:: Available records ::

+===+

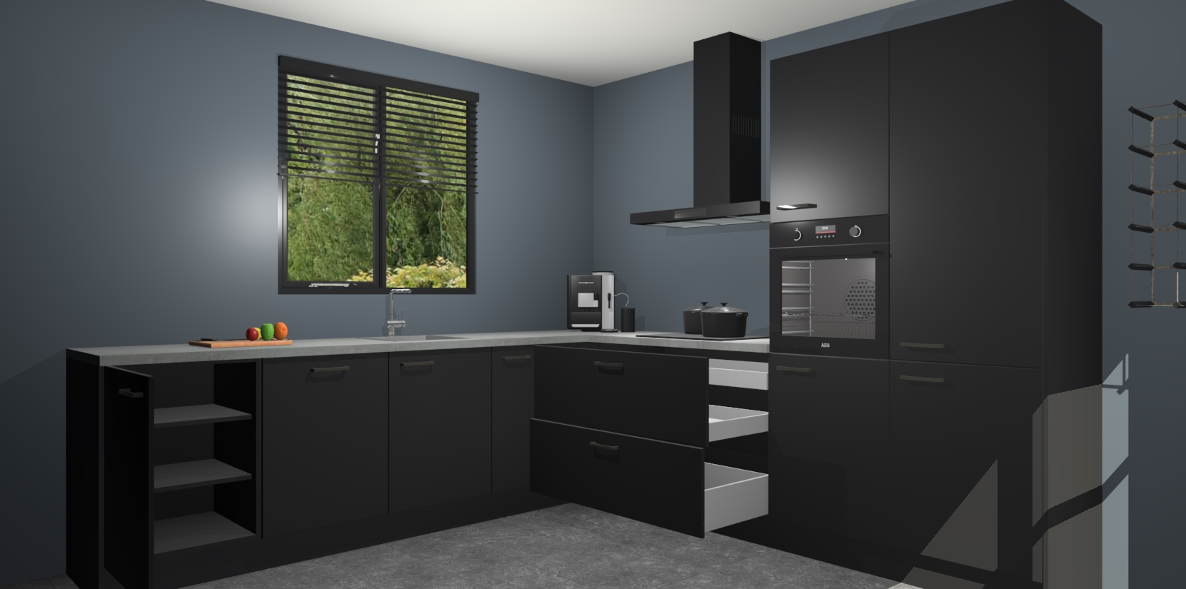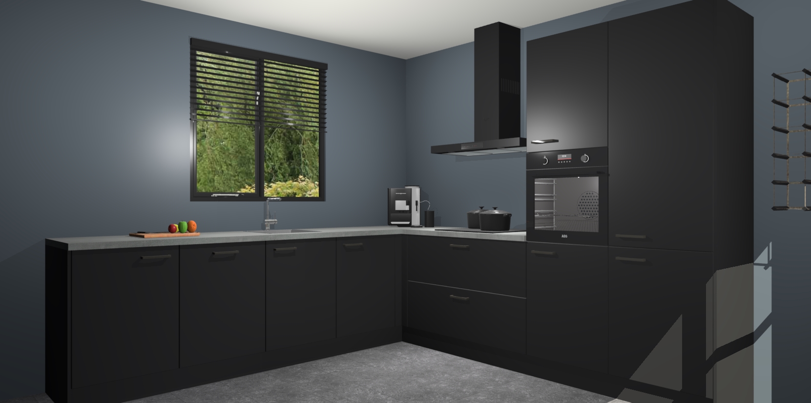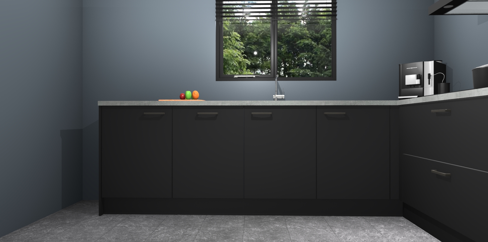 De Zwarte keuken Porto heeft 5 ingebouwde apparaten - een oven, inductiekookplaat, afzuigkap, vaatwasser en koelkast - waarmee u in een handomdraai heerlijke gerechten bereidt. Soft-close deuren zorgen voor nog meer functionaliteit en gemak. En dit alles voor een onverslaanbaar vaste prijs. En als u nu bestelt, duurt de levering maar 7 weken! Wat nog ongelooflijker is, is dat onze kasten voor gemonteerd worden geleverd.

+===+

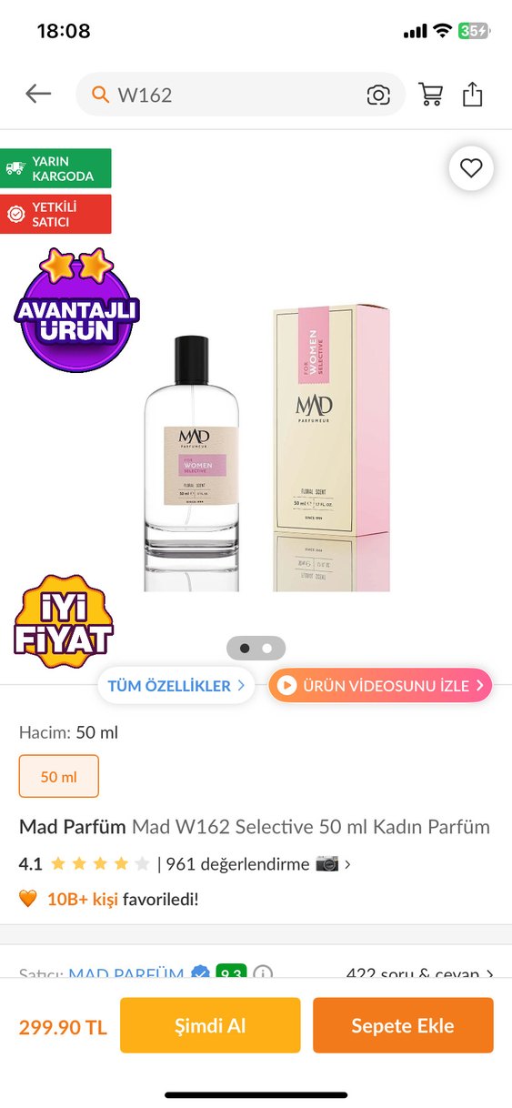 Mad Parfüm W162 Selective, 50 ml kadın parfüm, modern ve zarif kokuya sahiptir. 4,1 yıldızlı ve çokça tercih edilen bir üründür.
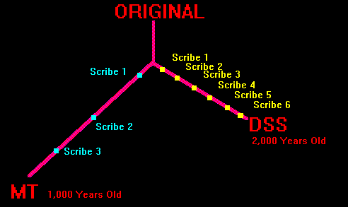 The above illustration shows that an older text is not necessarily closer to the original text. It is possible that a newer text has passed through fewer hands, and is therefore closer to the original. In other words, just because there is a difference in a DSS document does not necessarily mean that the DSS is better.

+===+

:: What you are asked to do ::
What belongs in the answer is each line above from the line with "Mad Parfüm W162" to the line with "The above illustration", inclusive, reproduced exactly and free of pictures.

:: Written answer ::
 Mad Parfüm W162 Selective, 50 ml kadın parfüm, modern ve zarif kokuya sahiptir. 4,1 yıldızlı ve çokça tercih edilen bir üründür.
 The above illustration shows that an older text is not necessarily closer to the original text. It is possible that a newer text has passed through fewer hands, and is therefore closer to the original. In other words, just because there is a difference in a DSS document does not necessarily mean that the DSS is better.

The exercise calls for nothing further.